You are viewing a plain text version of this content. The canonical link for it is here.

Posted to user@nutch.apache.org by Cam Bazz <ca...@gmail.com> on 2011/07/06 18:10:24 UTC

custom extractor

Hello,

Previously I have build a primitive crawler in java, extracting
certain information per html page using xpaths. then I discovered
nutch, and now I want to be able to extract certain elements in dom,
tru xpath, multiple xpaths per site.

I am crawling a number of web sites, lets say 16, and I would like to
be able to write multiple xpaths per site, and then index the output
of those extractions in solr, as a different field.

I have googled for a while, and I understand certain plugin can be
developed that will act as a custom html parser.

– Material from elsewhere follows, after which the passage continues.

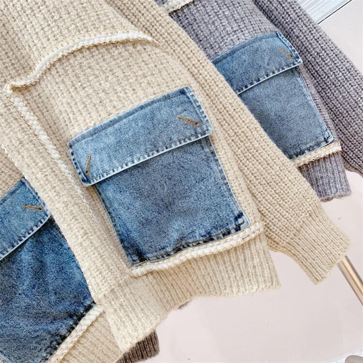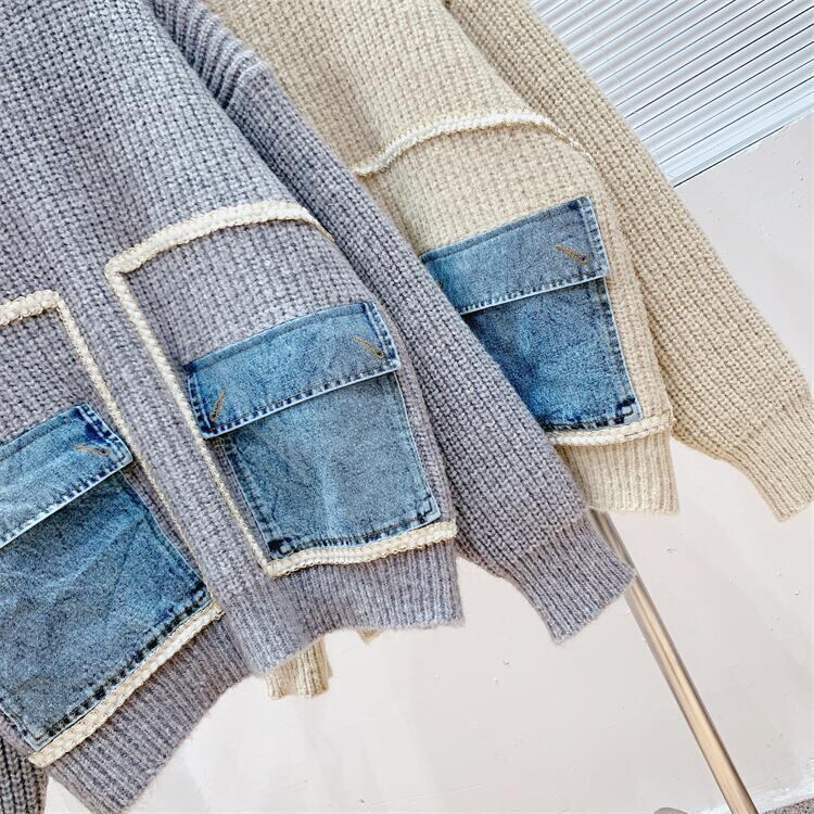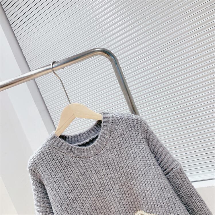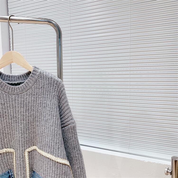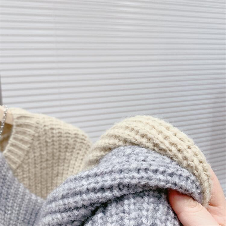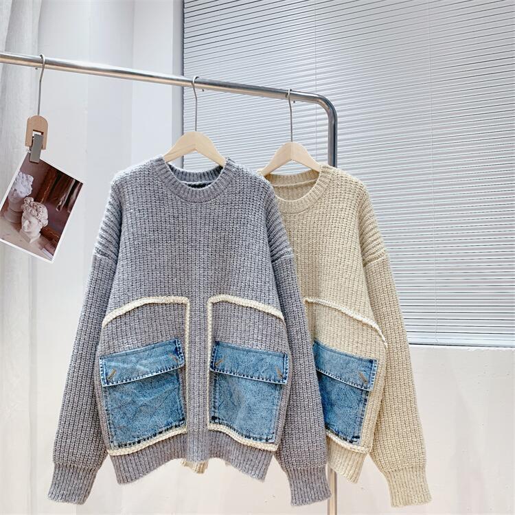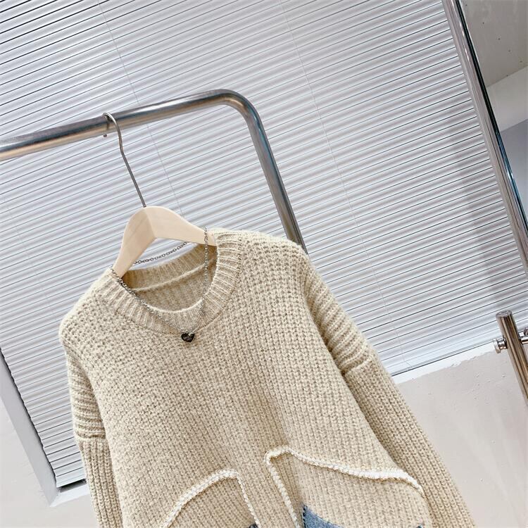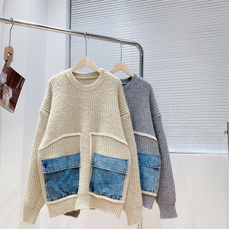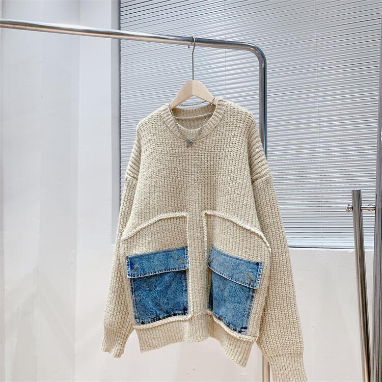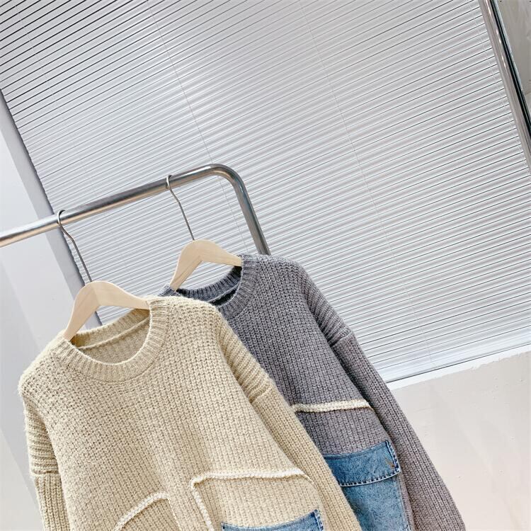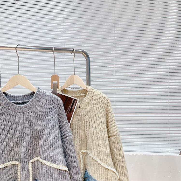 【tops】着回し力抜群ラウンドネック切り替えゆったりニットセーター M-12523

I understand that
another path is using tika.

I also have experimented with boilerpiple library, and It was
insufficient to extract the data I want. (I am extracting
specificiations of certain products, usually in tables, and
fragmented)

One diffuculty with my htmlcleaner based xpath evaluator was that the
real world htmls sometime were broken, and even when I cleaned them
html cleaner will not find xpaths taken from firebug.

Which way should I start?

Any ideas / help / recomendation greatly appreciated,

Best Regards,
C.B.

Re: custom extractor

Posted by lewis john mcgibbney <le...@gmail.com>.

Hi C.B.,

Your description gets slightly cloudy towards the end e.g. around "One
diffuculty with my htmlcleaner...taken from firebug"???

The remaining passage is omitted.